_Provided entries_
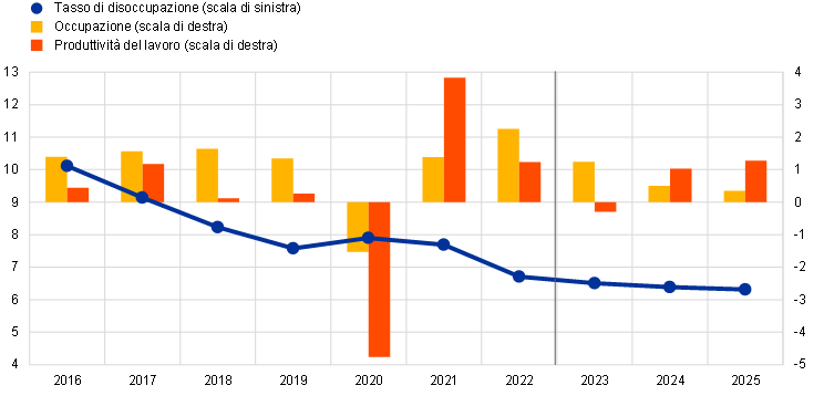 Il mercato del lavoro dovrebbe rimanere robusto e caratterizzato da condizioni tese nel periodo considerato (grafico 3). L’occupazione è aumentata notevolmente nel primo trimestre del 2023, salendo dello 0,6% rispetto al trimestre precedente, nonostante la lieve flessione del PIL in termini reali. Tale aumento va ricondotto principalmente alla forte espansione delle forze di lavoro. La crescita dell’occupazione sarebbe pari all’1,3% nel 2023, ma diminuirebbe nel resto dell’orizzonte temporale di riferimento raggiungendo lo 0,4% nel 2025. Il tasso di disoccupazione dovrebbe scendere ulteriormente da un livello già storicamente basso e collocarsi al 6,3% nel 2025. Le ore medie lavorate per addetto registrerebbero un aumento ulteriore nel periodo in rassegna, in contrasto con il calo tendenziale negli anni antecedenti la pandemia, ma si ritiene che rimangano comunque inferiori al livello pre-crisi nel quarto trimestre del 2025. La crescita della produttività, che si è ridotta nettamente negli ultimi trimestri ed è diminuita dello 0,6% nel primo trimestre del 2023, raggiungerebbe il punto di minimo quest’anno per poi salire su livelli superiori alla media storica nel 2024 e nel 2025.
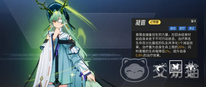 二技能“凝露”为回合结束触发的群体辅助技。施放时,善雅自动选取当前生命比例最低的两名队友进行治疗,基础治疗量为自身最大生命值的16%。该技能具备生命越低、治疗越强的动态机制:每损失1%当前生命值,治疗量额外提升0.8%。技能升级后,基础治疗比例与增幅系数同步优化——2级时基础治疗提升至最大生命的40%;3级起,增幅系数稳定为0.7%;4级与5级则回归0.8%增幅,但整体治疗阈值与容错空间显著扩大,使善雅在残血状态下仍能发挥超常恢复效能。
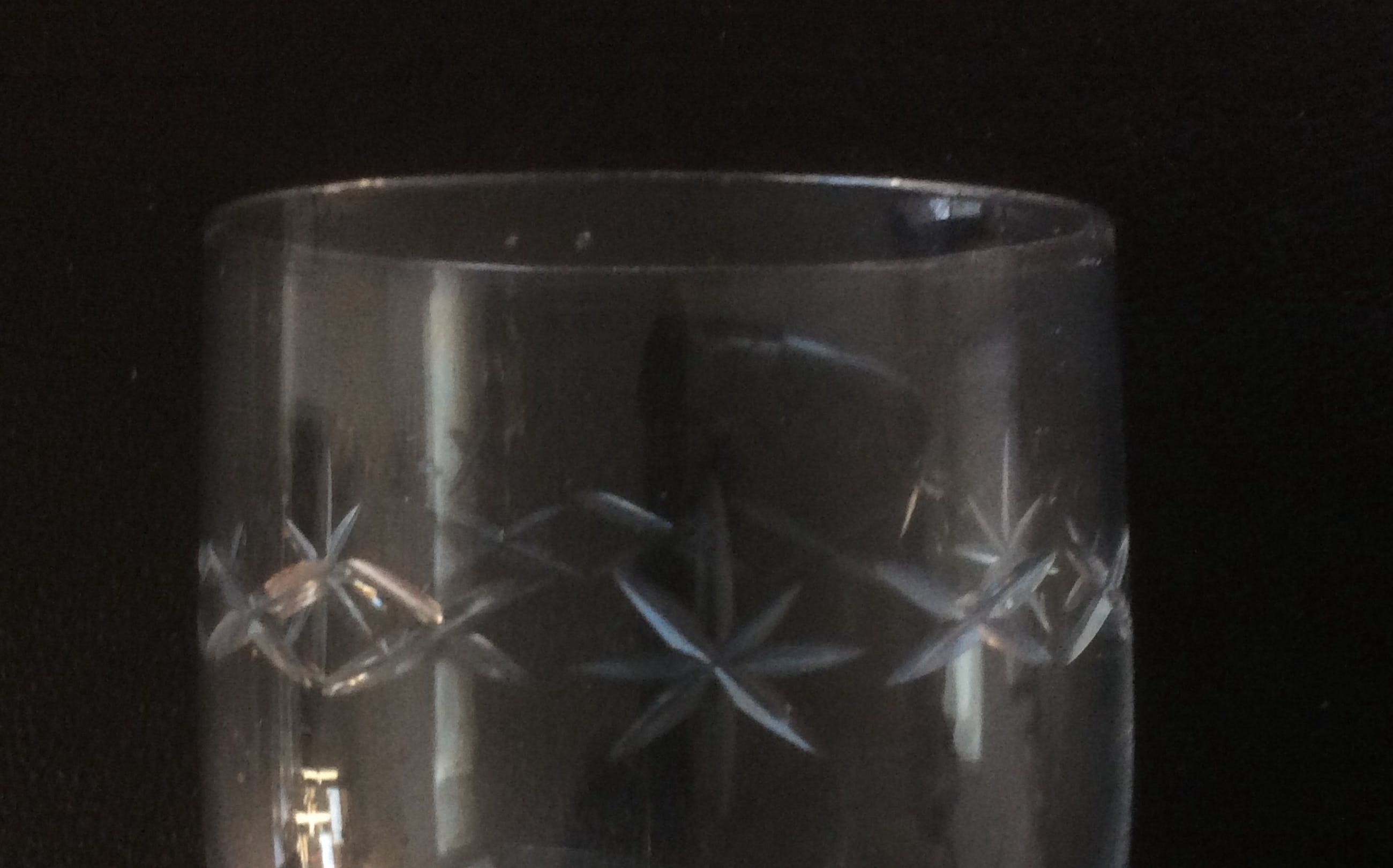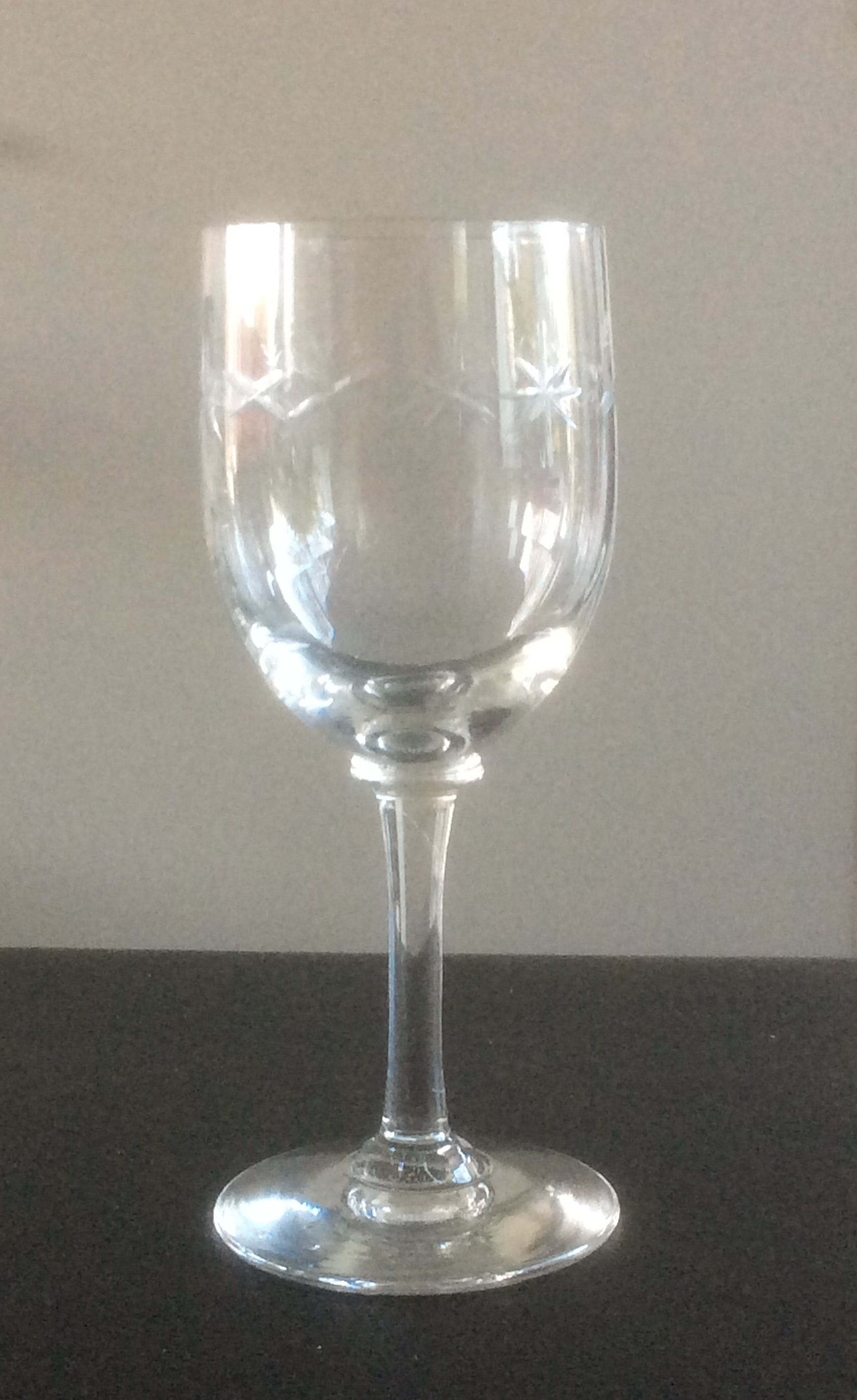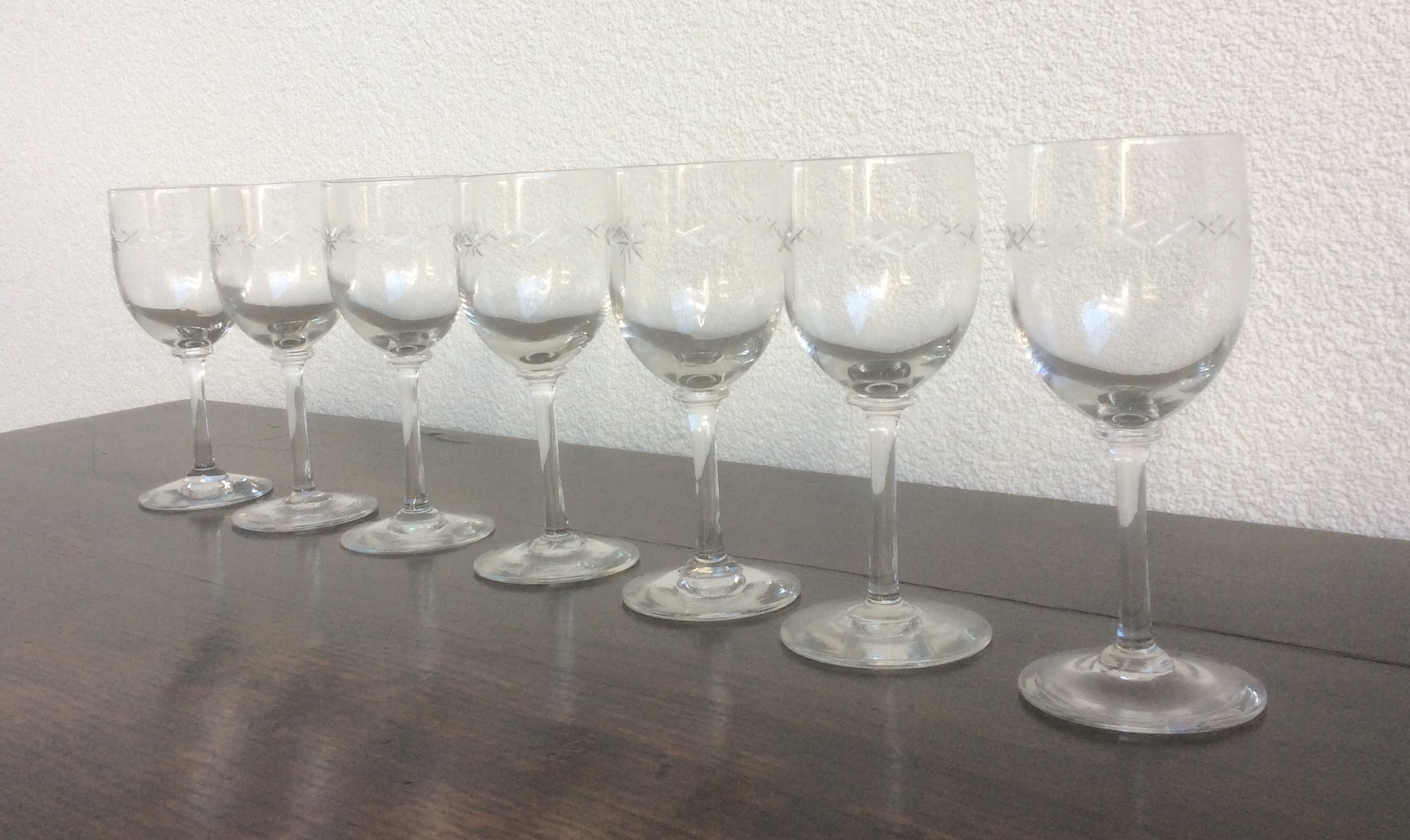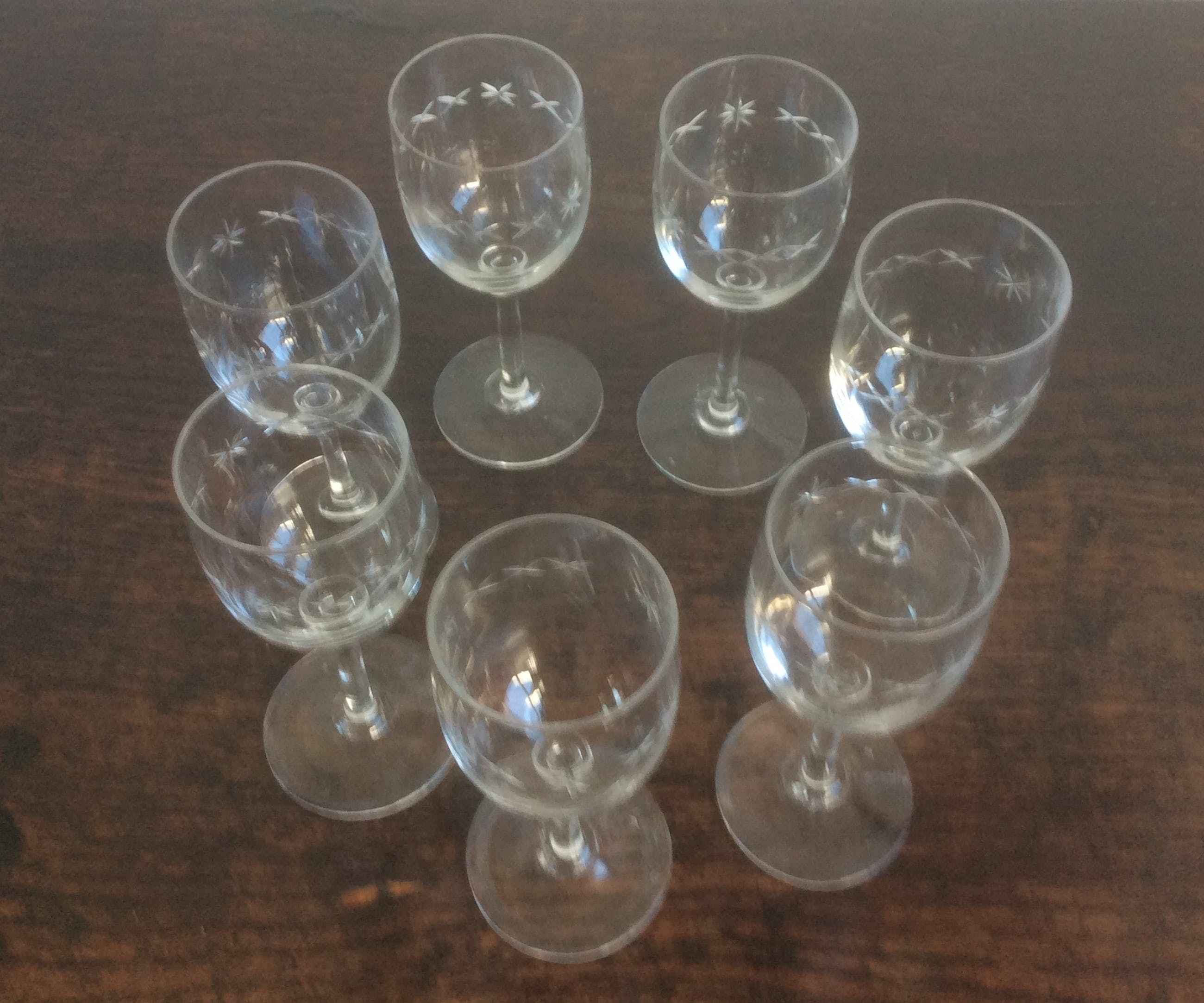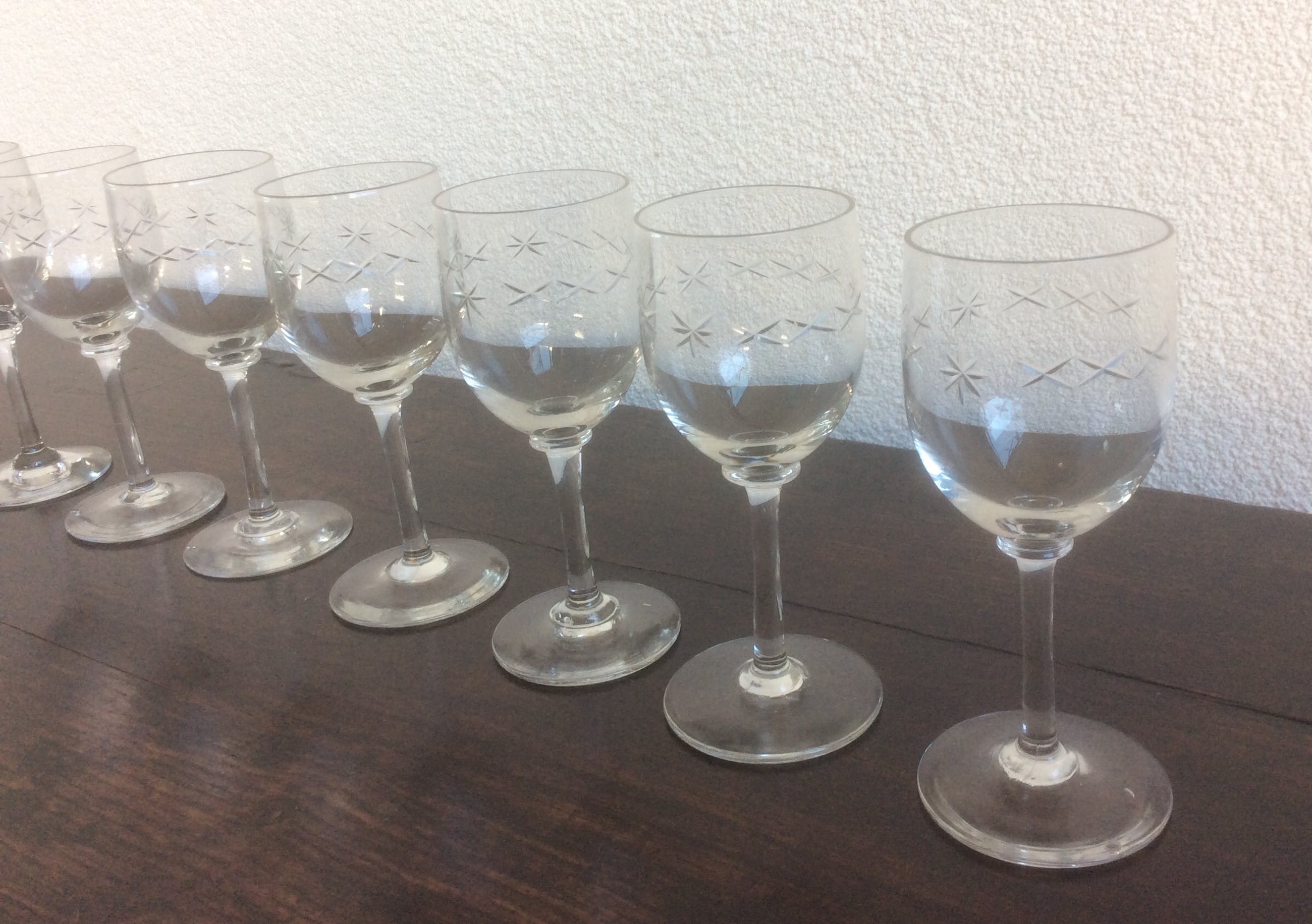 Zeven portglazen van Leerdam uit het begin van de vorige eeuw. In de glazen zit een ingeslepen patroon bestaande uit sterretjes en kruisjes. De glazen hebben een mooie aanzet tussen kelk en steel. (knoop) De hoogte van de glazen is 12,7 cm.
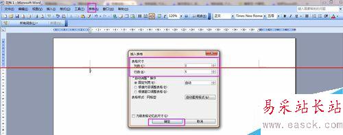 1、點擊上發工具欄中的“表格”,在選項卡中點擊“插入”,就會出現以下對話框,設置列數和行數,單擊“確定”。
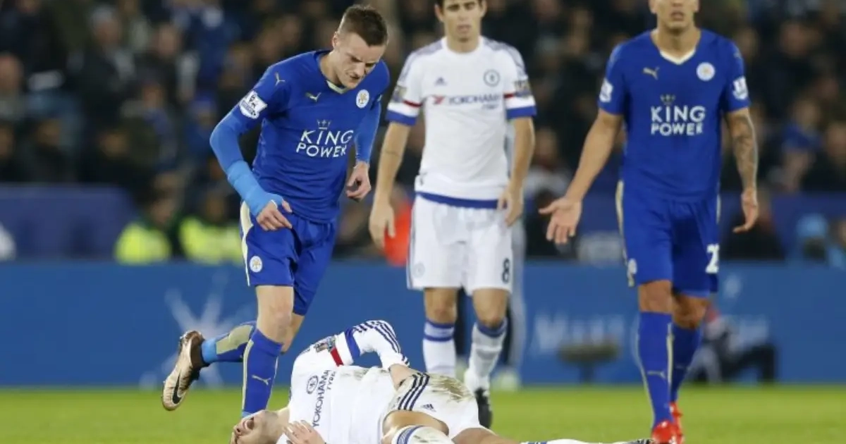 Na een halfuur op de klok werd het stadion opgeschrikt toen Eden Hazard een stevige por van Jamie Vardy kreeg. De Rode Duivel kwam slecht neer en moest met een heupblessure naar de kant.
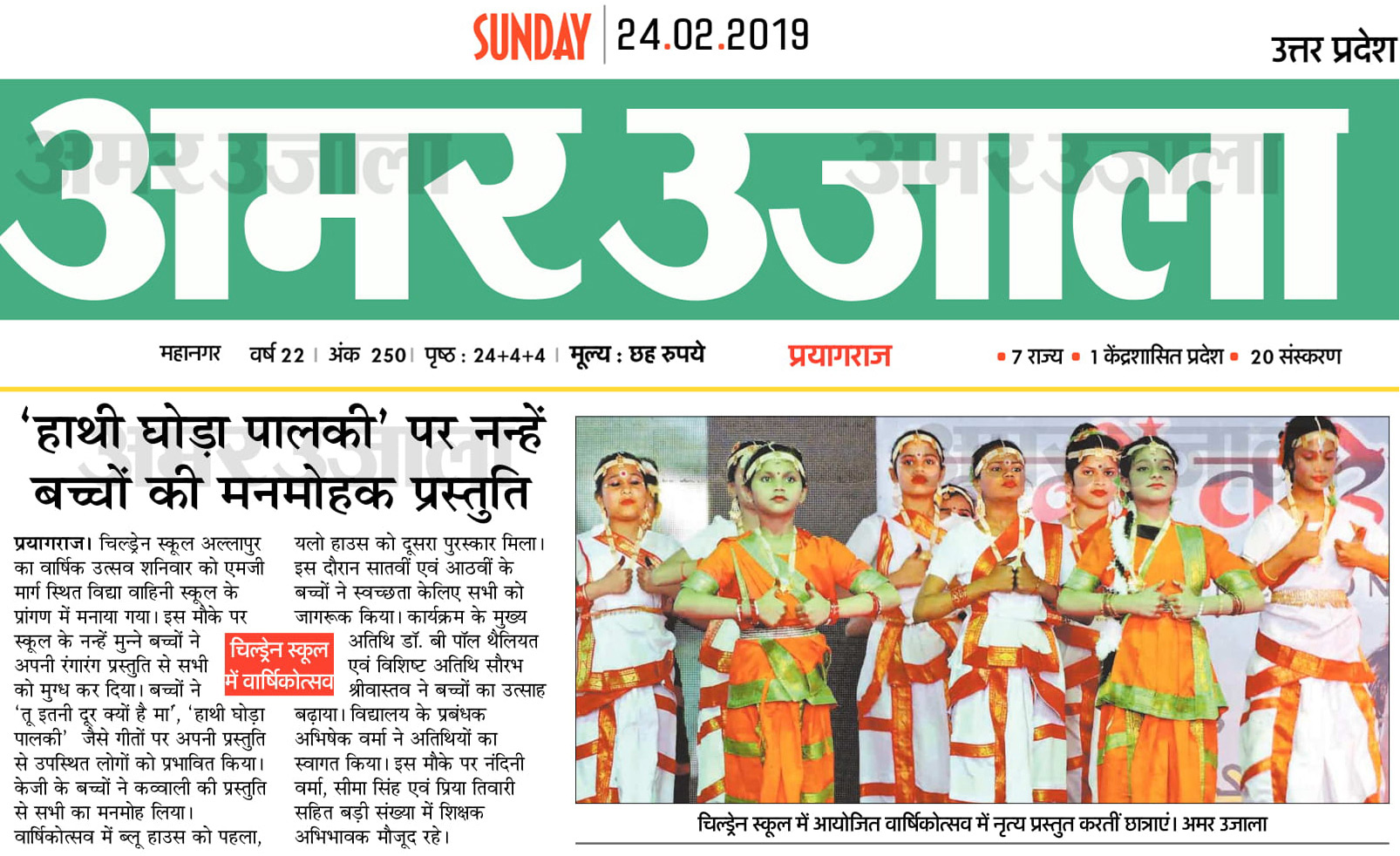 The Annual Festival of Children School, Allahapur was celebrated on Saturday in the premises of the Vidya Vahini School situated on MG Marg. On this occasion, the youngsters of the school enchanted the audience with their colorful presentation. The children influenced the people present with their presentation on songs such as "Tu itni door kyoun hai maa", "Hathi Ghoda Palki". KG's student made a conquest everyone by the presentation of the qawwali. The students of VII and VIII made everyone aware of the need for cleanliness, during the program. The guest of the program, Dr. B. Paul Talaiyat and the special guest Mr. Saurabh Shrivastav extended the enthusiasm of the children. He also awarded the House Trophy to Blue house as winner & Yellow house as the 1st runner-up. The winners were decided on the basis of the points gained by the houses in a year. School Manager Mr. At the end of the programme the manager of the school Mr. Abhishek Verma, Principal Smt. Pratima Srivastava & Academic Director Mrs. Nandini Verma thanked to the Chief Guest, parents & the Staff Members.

_What you should do_
Set down the records again exactly as they appear, leaving each picture behind.

_Task solution_
 Il mercato del lavoro dovrebbe rimanere robusto e caratterizzato da condizioni tese nel periodo considerato (grafico 3). L’occupazione è aumentata notevolmente nel primo trimestre del 2023, salendo dello 0,6% rispetto al trimestre precedente, nonostante la lieve flessione del PIL in termini reali. Tale aumento va ricondotto principalmente alla forte espansione delle forze di lavoro. La crescita dell’occupazione sarebbe pari all’1,3% nel 2023, ma diminuirebbe nel resto dell’orizzonte temporale di riferimento raggiungendo lo 0,4% nel 2025. Il tasso di disoccupazione dovrebbe scendere ulteriormente da un livello già storicamente basso e collocarsi al 6,3% nel 2025. Le ore medie lavorate per addetto registrerebbero un aumento ulteriore nel periodo in rassegna, in contrasto con il calo tendenziale negli anni antecedenti la pandemia, ma si ritiene che rimangano comunque inferiori al livello pre-crisi nel quarto trimestre del 2025. La crescita della produttività, che si è ridotta nettamente negli ultimi trimestri ed è diminuita dello 0,6% nel primo trimestre del 2023, raggiungerebbe il punto di minimo quest’anno per poi salire su livelli superiori alla media storica nel 2024 e nel 2025.
 二技能“凝露”为回合结束触发的群体辅助技。施放时,善雅自动选取当前生命比例最低的两名队友进行治疗,基础治疗量为自身最大生命值的16%。该技能具备生命越低、治疗越强的动态机制:每损失1%当前生命值,治疗量额外提升0.8%。技能升级后,基础治疗比例与增幅系数同步优化——2级时基础治疗提升至最大生命的40%;3级起,增幅系数稳定为0.7%;4级与5级则回归0.8%增幅,但整体治疗阈值与容错空间显著扩大,使善雅在残血状态下仍能发挥超常恢复效能。
 Zeven portglazen van Leerdam uit het begin van de vorige eeuw. In de glazen zit een ingeslepen patroon bestaande uit sterretjes en kruisjes. De glazen hebben een mooie aanzet tussen kelk en steel. (knoop) De hoogte van de glazen is 12,7 cm.
 1、點擊上發工具欄中的“表格”,在選項卡中點擊“插入”,就會出現以下對話框,設置列數和行數,單擊“確定”。
 Na een halfuur op de klok werd het stadion opgeschrikt toen Eden Hazard een stevige por van Jamie Vardy kreeg. De Rode Duivel kwam slecht neer en moest met een heupblessure naar de kant.
 The Annual Festival of Children School, Allahapur was celebrated on Saturday in the premises of the Vidya Vahini School situated on MG Marg. On this occasion, the youngsters of the school enchanted the audience with their colorful presentation. The children influenced the people present with their presentation on songs such as "Tu itni door kyoun hai maa", "Hathi Ghoda Palki". KG's student made a conquest everyone by the presentation of the qawwali. The students of VII and VIII made everyone aware of the need for cleanliness, during the program. The guest of the program, Dr. B. Paul Talaiyat and the special guest Mr. Saurabh Shrivastav extended the enthusiasm of the children. He also awarded the House Trophy to Blue house as winner & Yellow house as the 1st runner-up. The winners were decided on the basis of the points gained by the houses in a year. School Manager Mr. At the end of the programme the manager of the school Mr. Abhishek Verma, Principal Smt. Pratima Srivastava & Academic Director Mrs. Nandini Verma thanked to the Chief Guest, parents & the Staff Members.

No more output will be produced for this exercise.